:: DATA EXTRACT ::
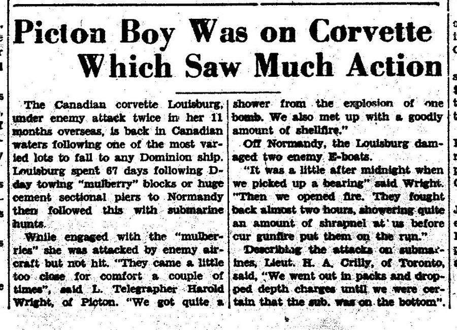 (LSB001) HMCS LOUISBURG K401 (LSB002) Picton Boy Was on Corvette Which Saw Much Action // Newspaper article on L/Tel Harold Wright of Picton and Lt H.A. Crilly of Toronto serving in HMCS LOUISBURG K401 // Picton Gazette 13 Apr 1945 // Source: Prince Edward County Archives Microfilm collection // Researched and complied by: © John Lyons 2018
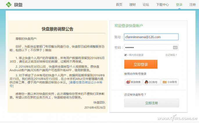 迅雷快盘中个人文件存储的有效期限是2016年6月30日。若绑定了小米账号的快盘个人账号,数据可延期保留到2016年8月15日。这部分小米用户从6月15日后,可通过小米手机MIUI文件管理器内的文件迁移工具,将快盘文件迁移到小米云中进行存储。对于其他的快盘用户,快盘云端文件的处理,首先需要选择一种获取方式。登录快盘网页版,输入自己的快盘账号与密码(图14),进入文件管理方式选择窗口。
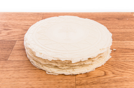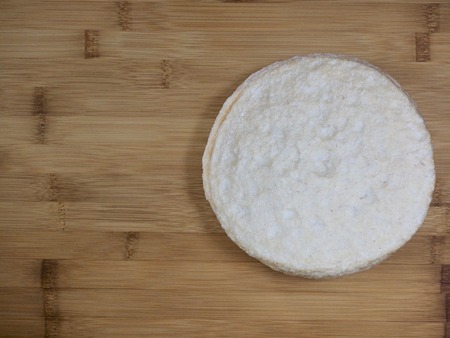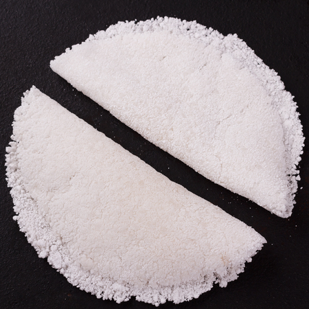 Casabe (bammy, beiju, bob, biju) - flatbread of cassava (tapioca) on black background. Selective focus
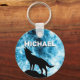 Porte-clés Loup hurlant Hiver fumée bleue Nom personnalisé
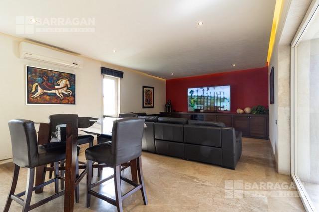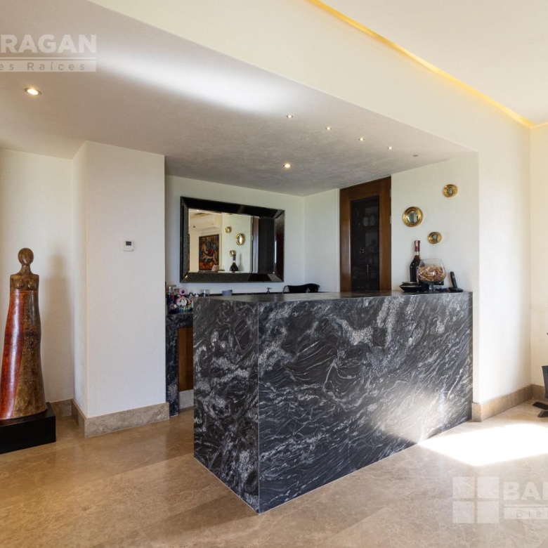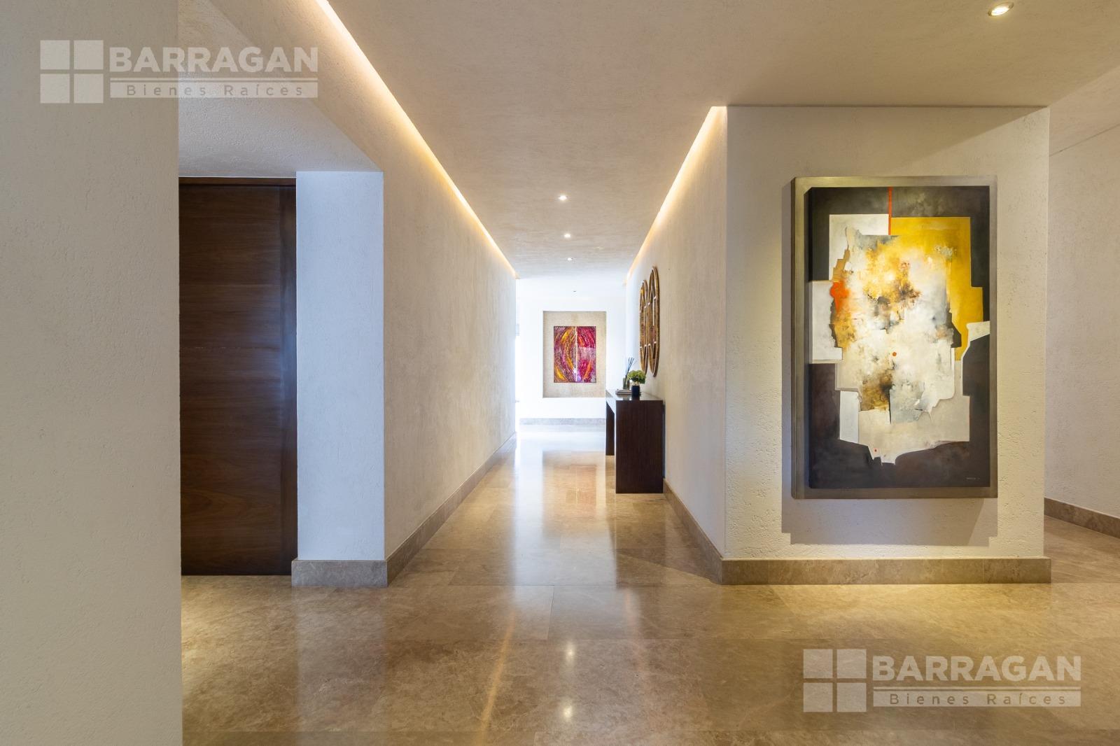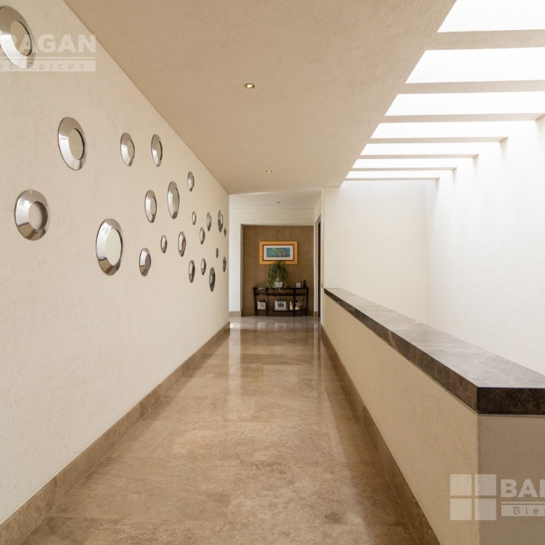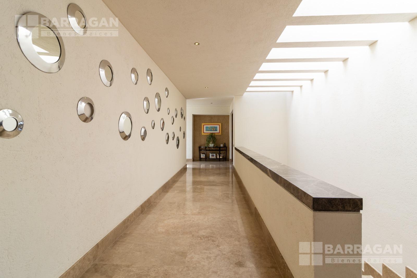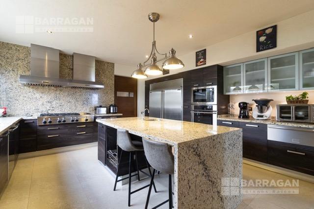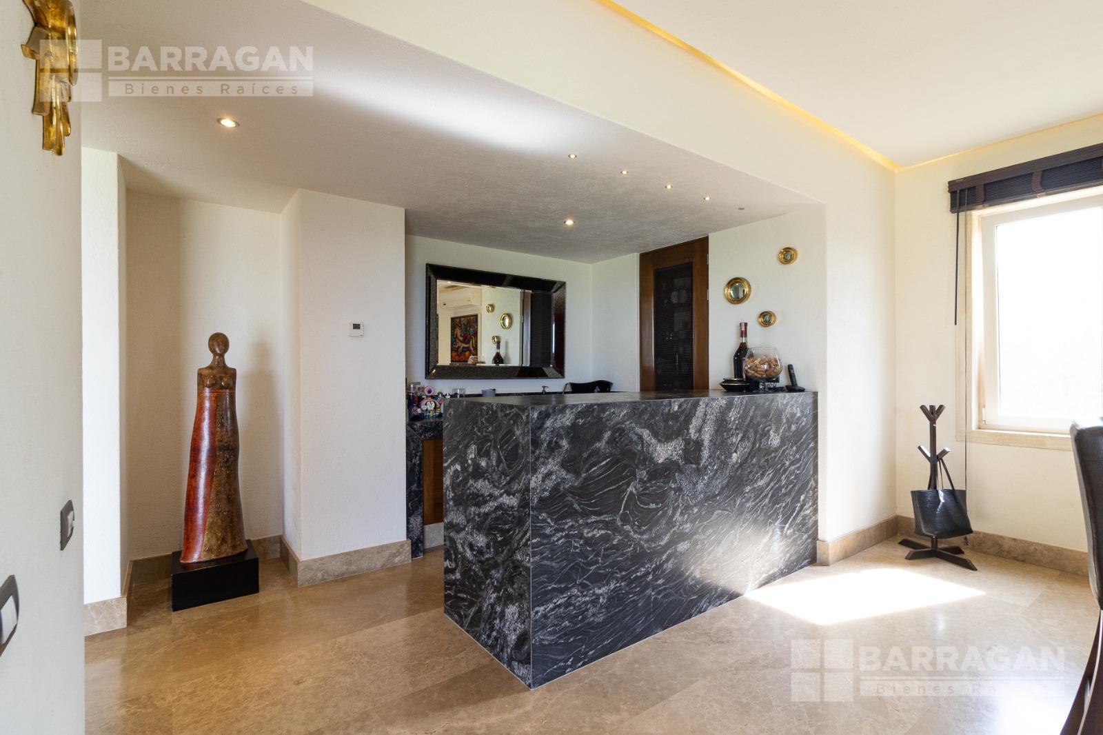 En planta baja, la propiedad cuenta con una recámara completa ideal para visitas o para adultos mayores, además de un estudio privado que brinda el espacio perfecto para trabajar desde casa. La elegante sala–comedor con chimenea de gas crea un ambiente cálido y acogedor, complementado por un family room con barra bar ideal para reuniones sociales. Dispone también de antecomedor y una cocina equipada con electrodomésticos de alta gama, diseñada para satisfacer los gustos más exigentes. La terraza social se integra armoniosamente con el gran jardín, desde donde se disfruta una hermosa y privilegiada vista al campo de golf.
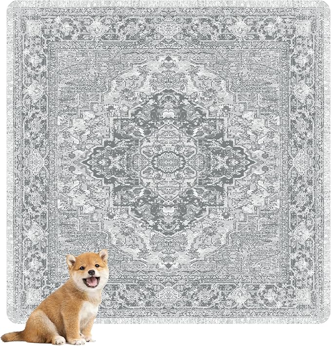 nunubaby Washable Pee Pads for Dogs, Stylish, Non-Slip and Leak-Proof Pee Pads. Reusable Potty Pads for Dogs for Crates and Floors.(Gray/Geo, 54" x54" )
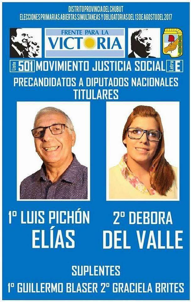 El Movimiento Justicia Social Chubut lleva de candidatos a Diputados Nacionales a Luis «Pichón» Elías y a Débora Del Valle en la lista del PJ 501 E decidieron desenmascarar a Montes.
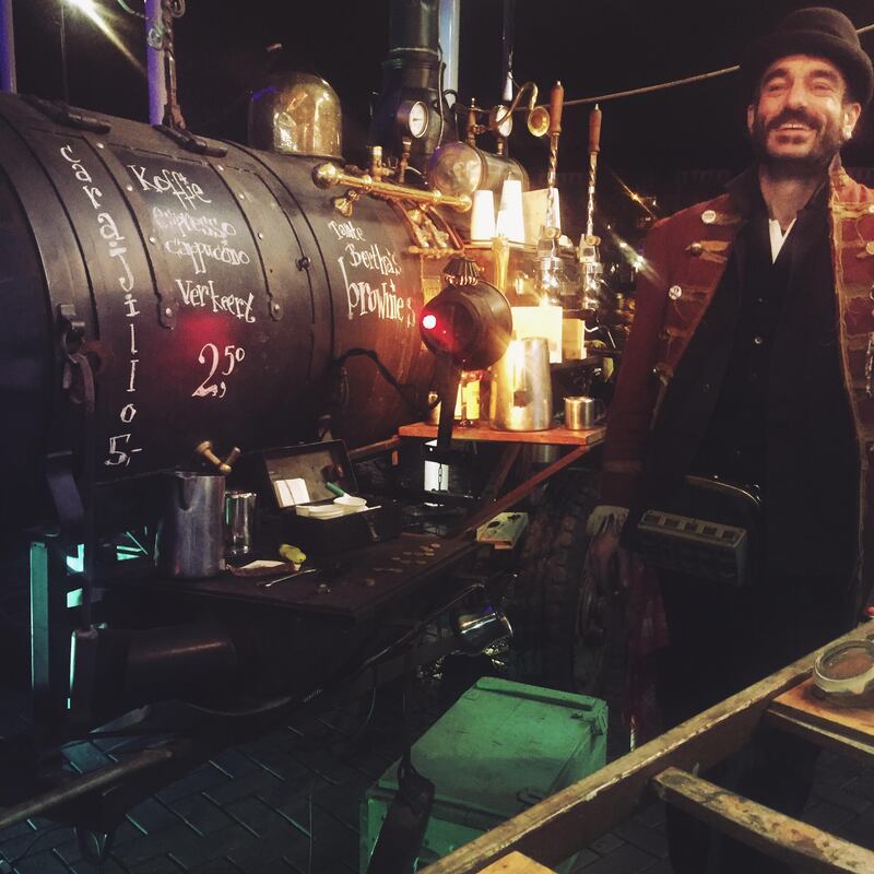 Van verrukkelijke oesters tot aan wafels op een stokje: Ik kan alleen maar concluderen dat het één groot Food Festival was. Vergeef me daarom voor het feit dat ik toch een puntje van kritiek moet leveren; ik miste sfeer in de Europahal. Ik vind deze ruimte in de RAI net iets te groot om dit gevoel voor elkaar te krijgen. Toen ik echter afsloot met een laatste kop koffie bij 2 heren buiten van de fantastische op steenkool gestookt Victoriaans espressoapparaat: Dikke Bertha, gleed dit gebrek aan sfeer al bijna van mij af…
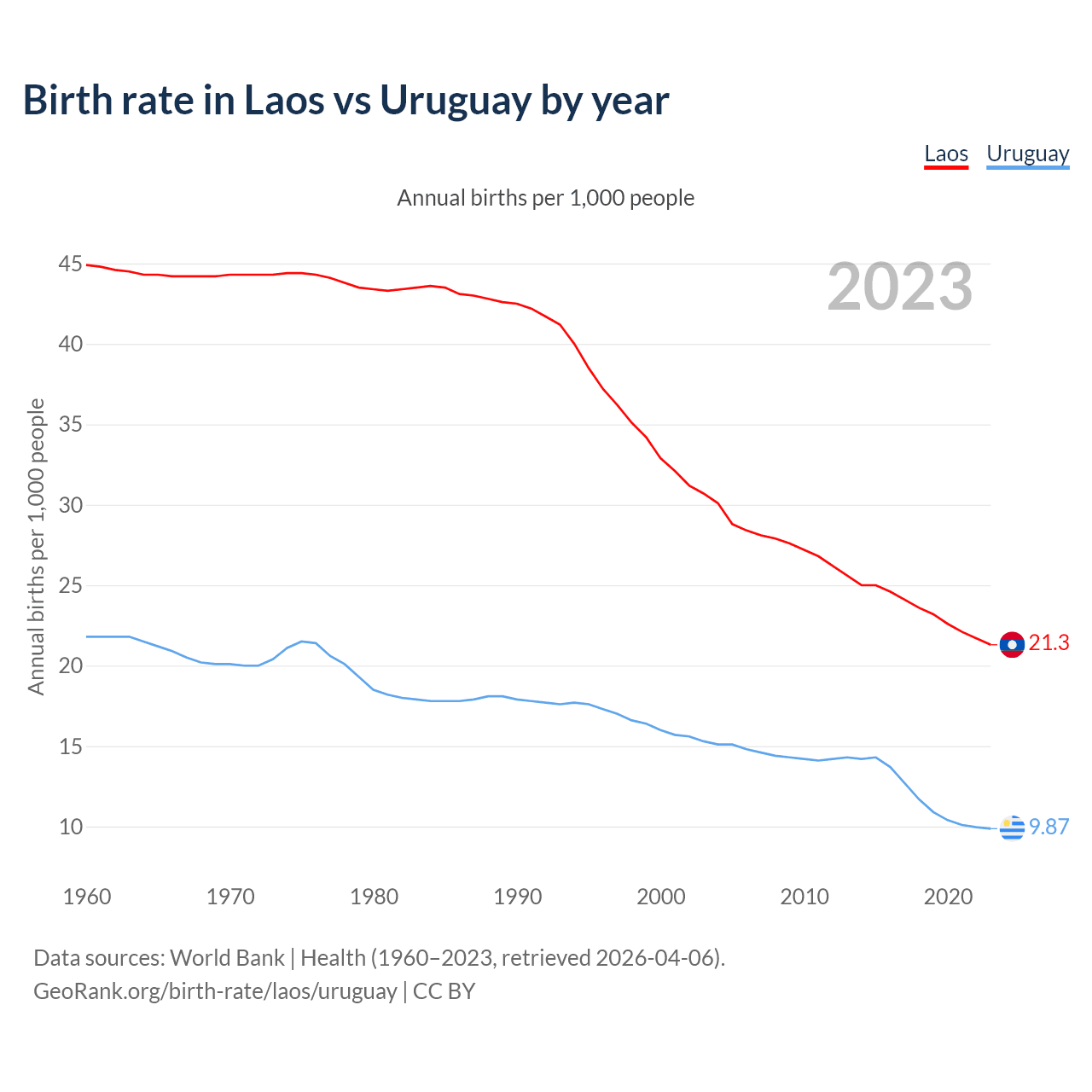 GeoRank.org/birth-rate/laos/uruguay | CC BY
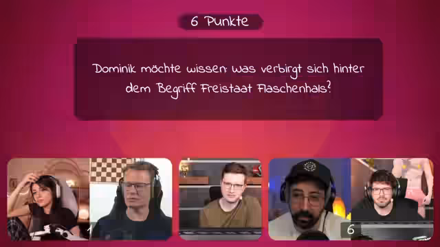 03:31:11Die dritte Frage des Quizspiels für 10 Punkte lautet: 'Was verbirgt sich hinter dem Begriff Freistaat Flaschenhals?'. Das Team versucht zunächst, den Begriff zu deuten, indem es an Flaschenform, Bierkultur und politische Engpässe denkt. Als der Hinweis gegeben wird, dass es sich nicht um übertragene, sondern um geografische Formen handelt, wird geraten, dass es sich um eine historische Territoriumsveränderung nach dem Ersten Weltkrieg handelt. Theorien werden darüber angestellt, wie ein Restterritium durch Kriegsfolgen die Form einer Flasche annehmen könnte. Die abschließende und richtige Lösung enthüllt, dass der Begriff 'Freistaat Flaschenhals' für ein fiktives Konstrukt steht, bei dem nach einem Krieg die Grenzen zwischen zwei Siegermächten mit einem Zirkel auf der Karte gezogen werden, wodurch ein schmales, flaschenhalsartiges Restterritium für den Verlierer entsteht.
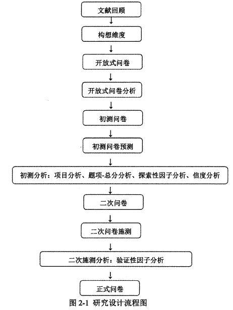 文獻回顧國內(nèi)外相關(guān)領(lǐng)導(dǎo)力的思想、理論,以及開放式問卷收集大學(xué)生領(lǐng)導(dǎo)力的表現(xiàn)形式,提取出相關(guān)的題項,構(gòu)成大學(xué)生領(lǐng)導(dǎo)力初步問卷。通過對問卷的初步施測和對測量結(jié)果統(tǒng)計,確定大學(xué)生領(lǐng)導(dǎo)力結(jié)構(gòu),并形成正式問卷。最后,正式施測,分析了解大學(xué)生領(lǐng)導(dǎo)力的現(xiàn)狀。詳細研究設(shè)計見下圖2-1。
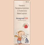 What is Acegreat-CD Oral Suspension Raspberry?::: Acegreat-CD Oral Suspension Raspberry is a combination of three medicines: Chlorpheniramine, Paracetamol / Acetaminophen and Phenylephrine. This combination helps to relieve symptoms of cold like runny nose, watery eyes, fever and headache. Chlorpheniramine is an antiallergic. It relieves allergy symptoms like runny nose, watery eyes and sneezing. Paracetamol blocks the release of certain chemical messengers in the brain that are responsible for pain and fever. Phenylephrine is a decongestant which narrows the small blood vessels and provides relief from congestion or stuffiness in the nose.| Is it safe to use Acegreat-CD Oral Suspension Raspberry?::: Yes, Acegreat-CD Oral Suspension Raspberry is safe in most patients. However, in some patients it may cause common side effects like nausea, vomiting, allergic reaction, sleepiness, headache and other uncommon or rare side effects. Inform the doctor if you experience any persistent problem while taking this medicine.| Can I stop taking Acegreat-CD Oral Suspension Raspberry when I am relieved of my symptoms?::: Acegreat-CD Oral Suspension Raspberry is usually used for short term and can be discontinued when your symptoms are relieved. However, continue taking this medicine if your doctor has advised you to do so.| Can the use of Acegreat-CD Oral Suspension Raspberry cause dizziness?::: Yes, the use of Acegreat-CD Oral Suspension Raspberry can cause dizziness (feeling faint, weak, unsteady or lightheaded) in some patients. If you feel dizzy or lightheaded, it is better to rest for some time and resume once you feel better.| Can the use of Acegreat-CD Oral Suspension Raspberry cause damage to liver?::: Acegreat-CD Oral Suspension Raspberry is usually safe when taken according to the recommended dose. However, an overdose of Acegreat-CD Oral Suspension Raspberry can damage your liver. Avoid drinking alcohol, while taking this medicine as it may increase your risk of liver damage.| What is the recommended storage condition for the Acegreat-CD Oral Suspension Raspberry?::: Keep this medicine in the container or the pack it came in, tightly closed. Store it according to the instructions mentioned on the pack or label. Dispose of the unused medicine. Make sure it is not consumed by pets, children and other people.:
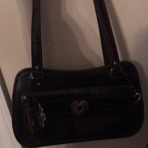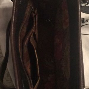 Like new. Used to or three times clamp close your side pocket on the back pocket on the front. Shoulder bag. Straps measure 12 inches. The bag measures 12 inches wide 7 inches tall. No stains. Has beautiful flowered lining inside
:::
■ GOAL OF THE EXERCISE ■
Once the line with "nunubaby Washable Pee" is found in the data above, reproduce it and each line after it exactly, through the line with "El Movimiento Justicia". Omit the pictures.

■ COMPLETED TASK ■
 nunubaby Washable Pee Pads for Dogs, Stylish, Non-Slip and Leak-Proof Pee Pads. Reusable Potty Pads for Dogs for Crates and Floors.(Gray/Geo, 54" x54" )
 El Movimiento Justicia Social Chubut lleva de candidatos a Diputados Nacionales a Luis «Pichón» Elías y a Débora Del Valle en la lista del PJ 501 E decidieron desenmascarar a Montes.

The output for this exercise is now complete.